Sunday, February 19, 2012

Cookie Cutter Critters

So a while back I joined that website  I can honestly say that that place is chock full of weirdos.  Not all are weirdos, but a good 84.3% of the women on that site have more issues than the New York Times.  You know what the funny thing is, they all claim to want the same things.  They all want a country boy that doesn't play games.  News flash honey, most country boys can't operate a computer.  That's why they're called country boys.  Also, a lot of the guys on that site are game players to begin with.  That's why they're on that site, to find girls that will date them despite their game playing.  I went on there to see how the other half lives, you know, the unapologetically desperate.  They live just like I thought, crazy.  I'm going to give you some tips to make yourself seem more attractive and worth the time of classy guys' like me.

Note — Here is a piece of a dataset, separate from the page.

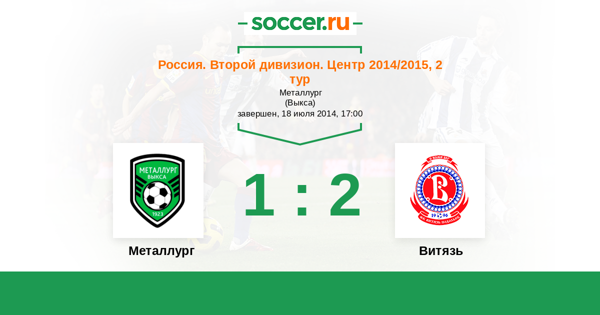 Россия. Вторая лига. Группа 3 17.10.2014 Витязь Логотип футбольный клуб Витязь (Подольск) 1:1 Логотип футбольный клуб Металлург (Выкса) Металлург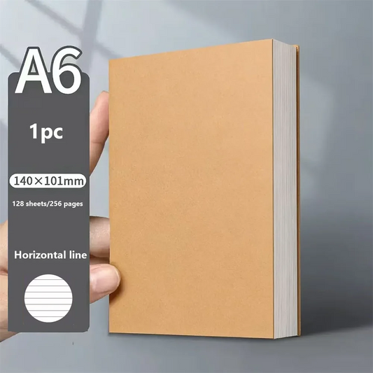 A6 Pocket Thickened Notebook 256 Pages 128 Sheets Line Blank Grid Inner Pages Kraft Paper Cover Small Notepad Book

1.  Don't take pictures of yourself dressed like a complete prostitute and then claim that you're "not that kind of girl."  If I dressed like a cop, citizens would ask me to protect them and they would be sorely disappointed when they realize I'm just dressed like a cop.  Same with dressing all hooker-ish.

2.  Stop asking for swag.  Swag doesn't pay bills unless you're Tyson Beckford.  Actually, I don't think he's been relevant in swag doesn't pay any bills.

3.  As I said before, country boys can't operate a toaster, let alone a computer.

4.  Use whole words.  Look, guys like me like to read whole words and have security in their future mate being able to spell on a 2nd grade level.  So feel free to try to be more intelligent.

5.  Try not to be too picky.  I mean yes you should try to get with a man that has all his teeth.  However you should not be upset if the dude isn't making six figures.  If he's making six figures, he's not on  He has a hotter woman than you that's taking all his money.

6.  Be mature and type back to people.  It's just rude to completely ignore someone who takes the time to say something nice about you.  Now if he has one of those short sentences that asks you to do something unsavory, by all means ignore him.  But a genuine kind hearted mature.

7.  Don't mock the website.  You're on it for a reason.  You're probably looking at me like I'm mocking, but I'm not.  I'm just stating what goes on.  I'm on it because you never know who you may meet.  Although I am slowly losing faith in women of the opposite sex with every wretched profile.

8. StOp TyPiNg LiKe ThIs.  It makes you look like you have a tap dancing parakeet on your caps lock button.  If there is one thing I hate, it's a tap dancing parakeet.  Can never trust a tap dancing parakeet.

9.  Don't do the duck face.  I don't care how beautiful you are or think you are, that's a party foul right there.  In fact, I'm pretty sure that I'll just type BANG in a message and say DUCK HUNT!  That goes for Facebook photos too.

Those duck faces...gag me.

My life on a website isn't nearly as exciting as I thought it would be.  Hence the blog.